Structure — the hypergraph

A hypergraph (in the sense of Barkeshli–Douglas–Freedman) is directed, ordered, coloured, and acyclic. Each property captures one feature of the Calculus of Inductive Constructions — together they form a faithful combinatorial shadow of a CIC proof term.

The four properties

Let $H = (V, E)$ be a hypergraph with vertex set $V$ and hyperedge set $E$ . Each hyperedge $e \in E$ is equipped with an ordered list of input vertices $\mathrm{in}(e) = (u_1, \dots, u_k)$ , an ordered list of output vertices $\mathrm{out}(e) = (v_1, \dots, v_m)$ , and a colour $c(e) \in C$ .

(D) Directed. Inputs and outputs are disjoint: $\mathrm{in}(e) \cap \mathrm{out}(e) = \varnothing$ . The hyperedge points from inputs to outputs.

(O) Ordered. Both input and output lists are ordered (not just sets). The same vertex appearing at position $i$ vs $j$ of an edge's inputs is a different incidence.

(C) Coloured. Every edge carries a label $c(e) \in C$ . In our case $C = \mathtt{ExprColor}$ — the 12 Lean.Expr constructor kinds (app, lam, forallE, …).

(A) Acyclic. The vertex relation " $u$ is an input of an edge whose output is $v$ " generates no cycle. Equivalently, there is a rank function $r : V \to \mathbb{N}$ strictly increasing along this relation.

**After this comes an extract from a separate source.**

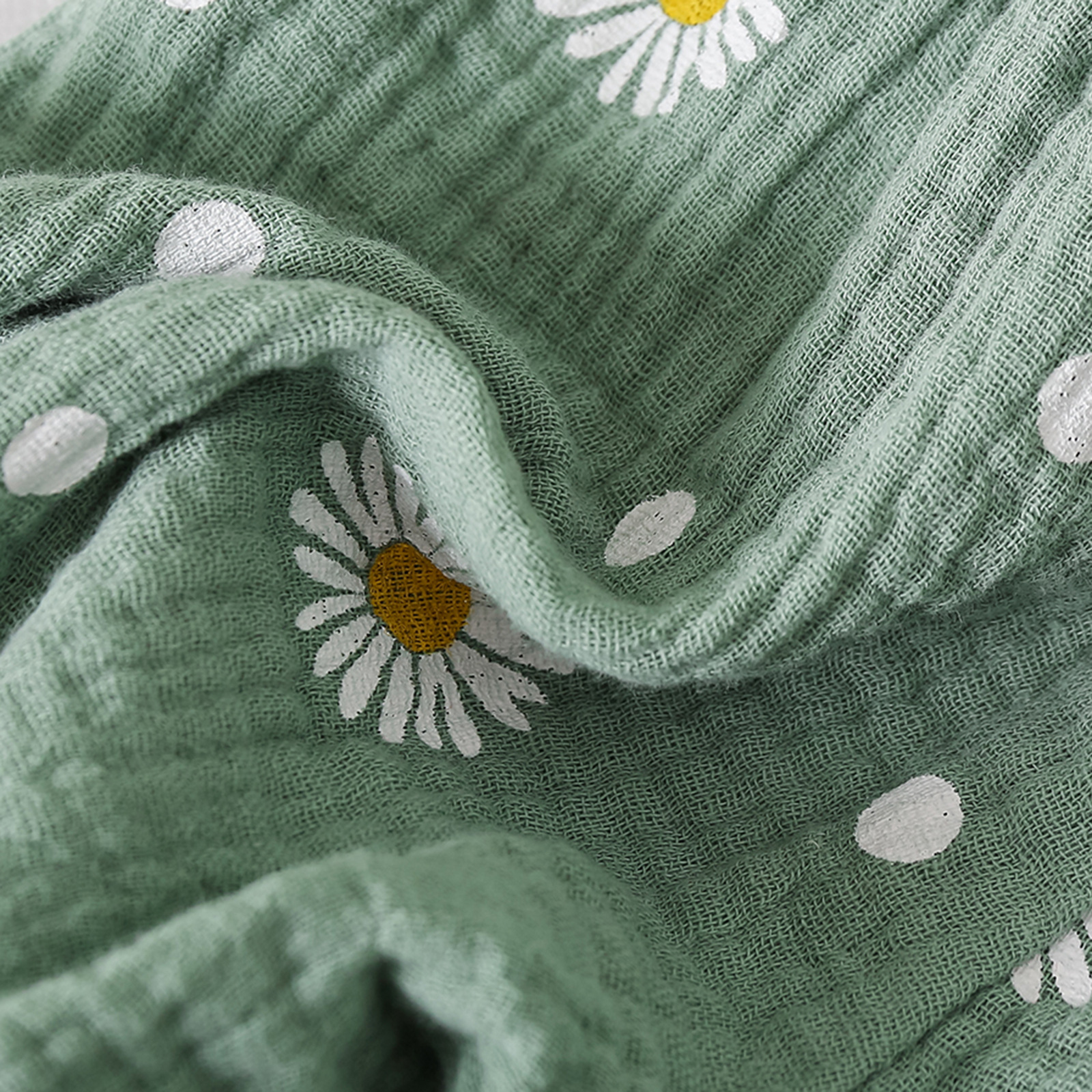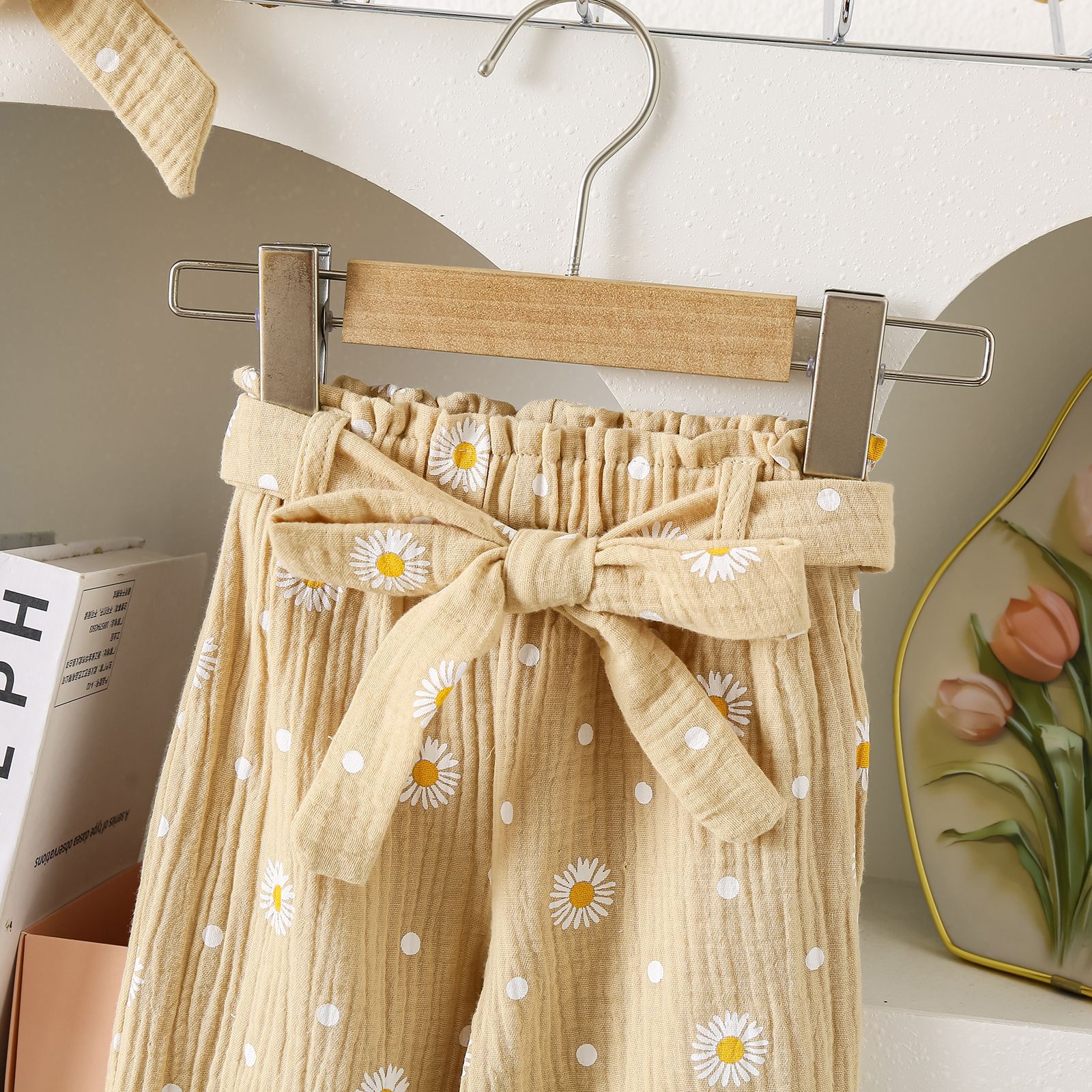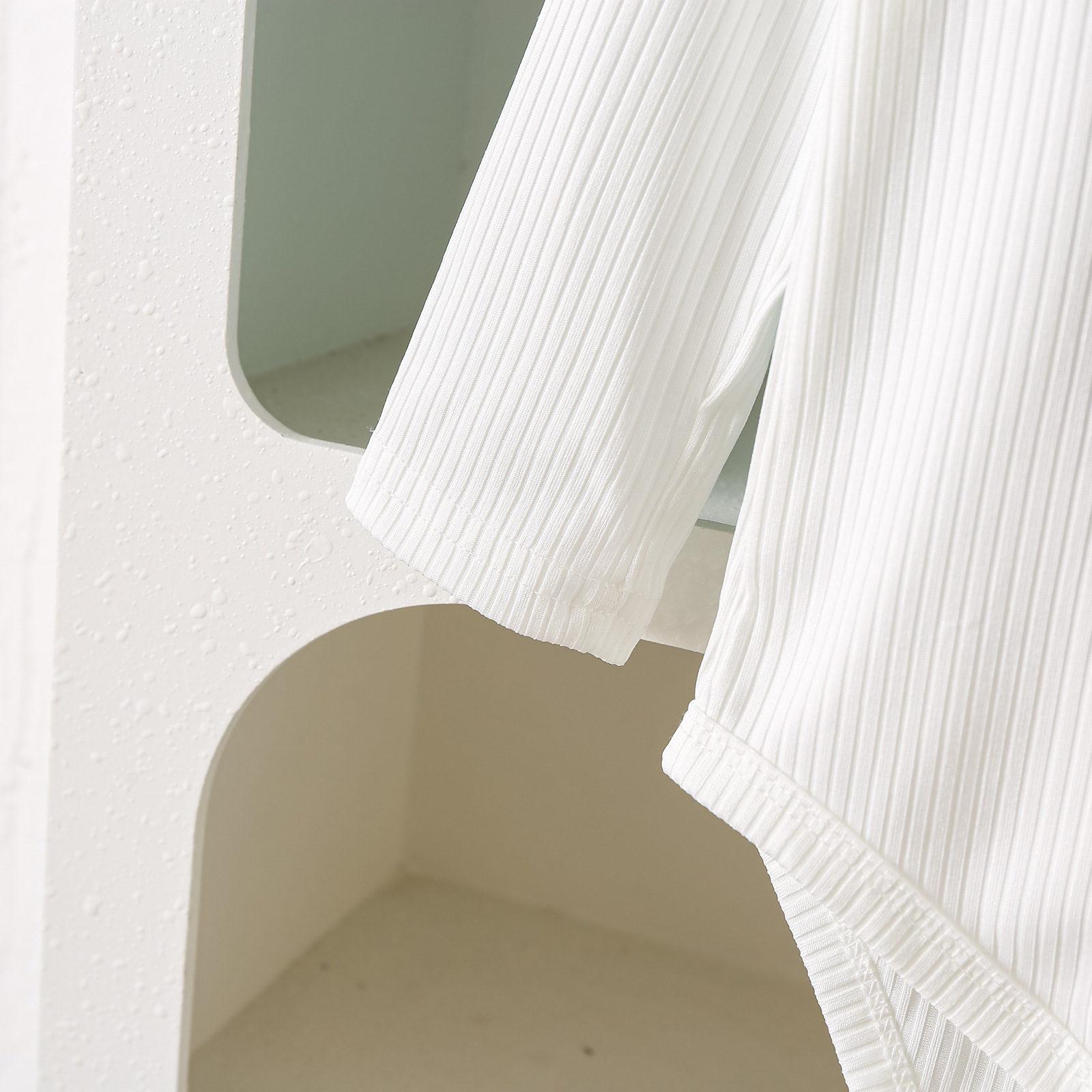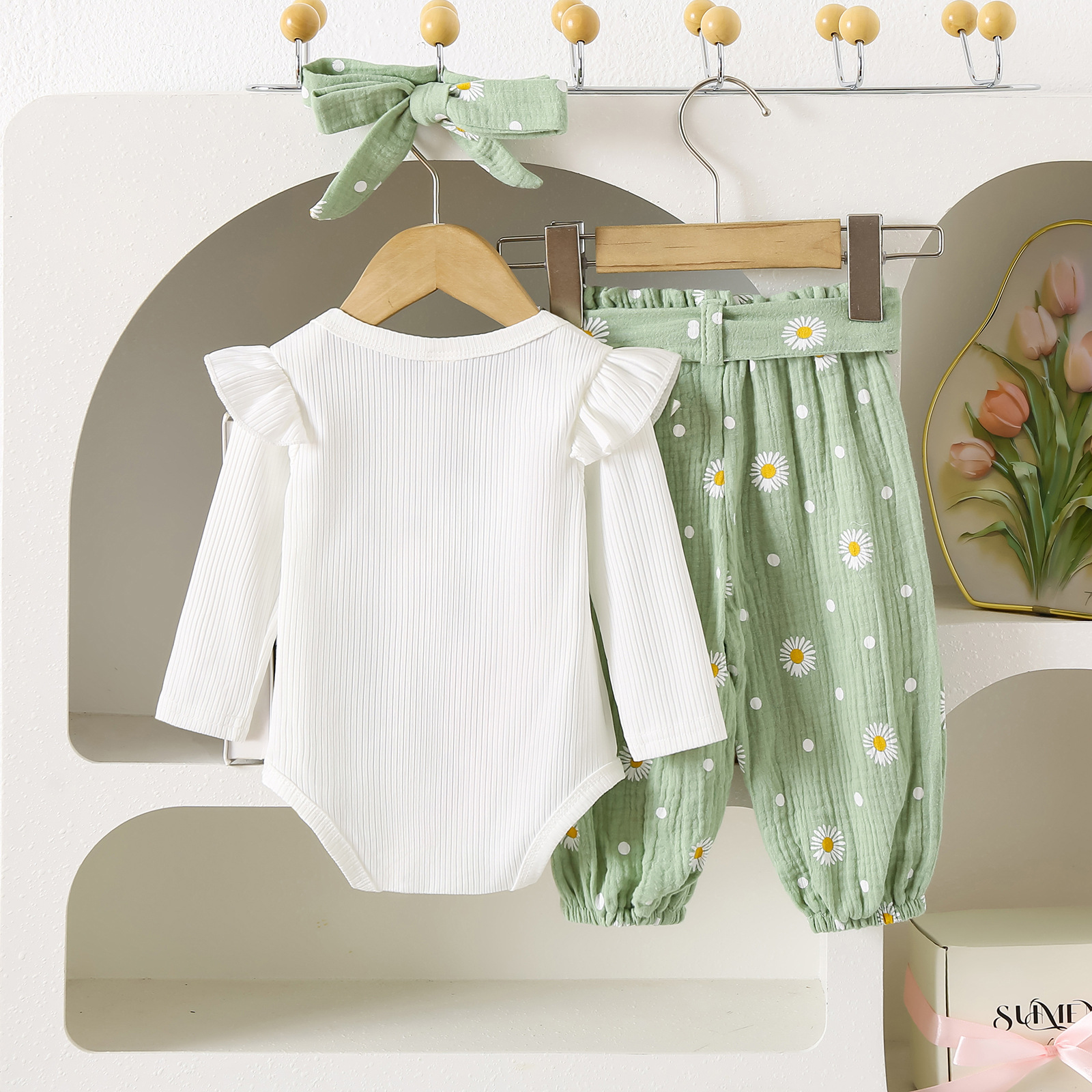 グリーンカーキ色のトップス:ポリエステル100%、パンツ:ポリエステル100% 白のトップス:綿95%、ポリウレタン5% パンツ:綿100%

Why these four are the right axioms

Each property corresponds to a structural feature of CIC that any faithful encoding must preserve:

Property	CIC feature it captures
Directed	inference rules are from premises to a conclusion
Ordered	the $i$ -th argument of an application is not the $j$ -th
Coloured	$\mathtt{app}$ is not $\mathtt{lam}$ is not $\mathtt{forallE}$
Acyclic	subterms strictly decrease in rank during elaboration

Drop any one and the encoding stops being a function of the proof term. Add anything else and you start encoding heuristic information that doesn't live in the syntax.

`Lean.Expr → Hypergraph`

The translation is deterministic and total. It lives in ProofAtlas/Mapping/Expr.lean:

def Lean.Expr.toHypergraph (e : Expr) :
    Hypergraph (Fin (countSubterms e)) ExprColor

It walks $e$ in DFS pre-order:

Vertices = subterm occurrences. Index in $\mathrm{Fin}\,n$ where $n = \mathrm{countSubterms}(e)$ .
Hyperedges = compound subterms (app, lam, forallE, letE, mdata, proj).
For each compound: inputs = ordered children, output = the compound itself, colour = constructor kind.

Acyclicity is discharged via the rank $r(v) = \mathrm{countSubterms}(e) - v.\mathrm{val}$ . Children sit at strictly larger DFS positions than their parent, so the input → output direction always decreases the index, which strictly increases the rank.

Connectedness is discharged by symmetric closure: every non-root vertex has a parent at a strictly smaller DFS index, so iterating the parent relation reaches vertex 0.

Hypergraph, not graph — why

A binary edge captures " $u$ depends on $v$ " but cannot record that both $u$ and $w$ jointly produce $v$ . In CIC the app f a node collapses both f and a into one output; flattening to a graph would erase that the output was produced by a 2-arity rule. Hyperedges keep the arity intact.

For visualisation purposes the bipartite expansion (subterm vertices as circles, hyperedge nodes as colour-coded rectangles) is exactly the one rendered by #atlas.graph.

When multiple declarations are profiled together (e.g. #atlas.resistance A B), every reference to the same .const Name maps to a single shared vertex via a HashMap Lean.Name Nat. Two proofs that both mention Nat end up in the same connected component — the metric layer can then ask "how far apart are they through the shared vocabulary?".

Try it

→ #atlas.graph renders any declaration's hypergraph in the Lean InfoView.

References

[BDF26] §3 — definition of hypergraphs.